● **AVAILABLE DATA**:
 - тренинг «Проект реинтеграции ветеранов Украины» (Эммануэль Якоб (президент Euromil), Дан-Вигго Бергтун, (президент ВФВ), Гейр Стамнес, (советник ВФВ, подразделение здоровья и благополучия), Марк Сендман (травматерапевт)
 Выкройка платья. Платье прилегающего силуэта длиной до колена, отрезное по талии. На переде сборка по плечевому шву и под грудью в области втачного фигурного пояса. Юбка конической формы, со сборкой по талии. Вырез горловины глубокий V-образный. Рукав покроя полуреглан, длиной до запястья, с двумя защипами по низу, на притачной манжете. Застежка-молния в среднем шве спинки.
==
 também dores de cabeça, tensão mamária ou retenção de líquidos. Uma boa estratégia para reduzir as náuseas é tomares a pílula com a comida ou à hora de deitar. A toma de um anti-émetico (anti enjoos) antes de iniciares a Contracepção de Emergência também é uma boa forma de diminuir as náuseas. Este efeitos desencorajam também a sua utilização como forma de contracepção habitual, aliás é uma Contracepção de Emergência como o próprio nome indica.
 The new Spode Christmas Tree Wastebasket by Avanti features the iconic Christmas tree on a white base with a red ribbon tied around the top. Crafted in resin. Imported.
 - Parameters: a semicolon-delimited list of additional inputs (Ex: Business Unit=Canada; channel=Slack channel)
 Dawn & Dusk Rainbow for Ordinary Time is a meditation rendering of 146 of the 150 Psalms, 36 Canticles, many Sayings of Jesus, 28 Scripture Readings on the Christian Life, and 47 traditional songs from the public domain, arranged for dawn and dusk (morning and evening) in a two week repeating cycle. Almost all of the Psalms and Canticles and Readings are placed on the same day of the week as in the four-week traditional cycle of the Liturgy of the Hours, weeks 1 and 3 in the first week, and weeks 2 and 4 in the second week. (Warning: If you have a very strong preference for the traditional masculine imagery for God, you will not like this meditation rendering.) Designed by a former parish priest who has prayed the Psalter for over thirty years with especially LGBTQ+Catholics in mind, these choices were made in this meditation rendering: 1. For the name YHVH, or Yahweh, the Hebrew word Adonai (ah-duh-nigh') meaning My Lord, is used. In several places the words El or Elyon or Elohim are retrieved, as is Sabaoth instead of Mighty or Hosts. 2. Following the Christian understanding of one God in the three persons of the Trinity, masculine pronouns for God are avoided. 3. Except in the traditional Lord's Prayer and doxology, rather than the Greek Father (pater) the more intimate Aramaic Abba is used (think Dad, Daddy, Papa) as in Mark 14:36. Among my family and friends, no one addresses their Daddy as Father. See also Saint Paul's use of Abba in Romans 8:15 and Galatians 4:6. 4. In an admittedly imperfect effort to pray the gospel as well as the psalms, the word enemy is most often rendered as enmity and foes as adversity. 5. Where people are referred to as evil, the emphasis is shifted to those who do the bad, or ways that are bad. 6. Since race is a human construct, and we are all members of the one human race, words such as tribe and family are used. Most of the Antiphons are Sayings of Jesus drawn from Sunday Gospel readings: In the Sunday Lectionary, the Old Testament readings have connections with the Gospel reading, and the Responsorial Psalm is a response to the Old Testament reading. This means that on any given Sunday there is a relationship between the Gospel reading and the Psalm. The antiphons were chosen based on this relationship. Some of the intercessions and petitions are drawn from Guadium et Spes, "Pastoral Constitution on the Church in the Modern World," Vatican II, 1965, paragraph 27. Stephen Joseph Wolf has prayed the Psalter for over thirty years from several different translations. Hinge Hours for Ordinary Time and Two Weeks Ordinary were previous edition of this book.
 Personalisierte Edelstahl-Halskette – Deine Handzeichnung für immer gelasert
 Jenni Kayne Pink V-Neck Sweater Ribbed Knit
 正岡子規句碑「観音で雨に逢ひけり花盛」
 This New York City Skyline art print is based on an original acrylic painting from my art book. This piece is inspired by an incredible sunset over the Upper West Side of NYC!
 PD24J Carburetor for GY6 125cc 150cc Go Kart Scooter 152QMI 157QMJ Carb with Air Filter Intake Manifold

● **THE PROBLEM**:
Output exactly the lines of the material above from the one containing "Jenni Kayne Pink V-Neck Sweater Ribbed Knit" up to and including the one containing "PD24J Carburetor for".

● **SOLUTION**:
 Jenni Kayne Pink V-Neck Sweater Ribbed Knit
 正岡子規句碑「観音で雨に逢ひけり花盛」
 This New York City Skyline art print is based on an original acrylic painting from my art book. This piece is inspired by an incredible sunset over the Upper West Side of NYC!
 PD24J Carburetor for GY6 125cc 150cc Go Kart Scooter 152QMI 157QMJ Carb with Air Filter Intake Manifold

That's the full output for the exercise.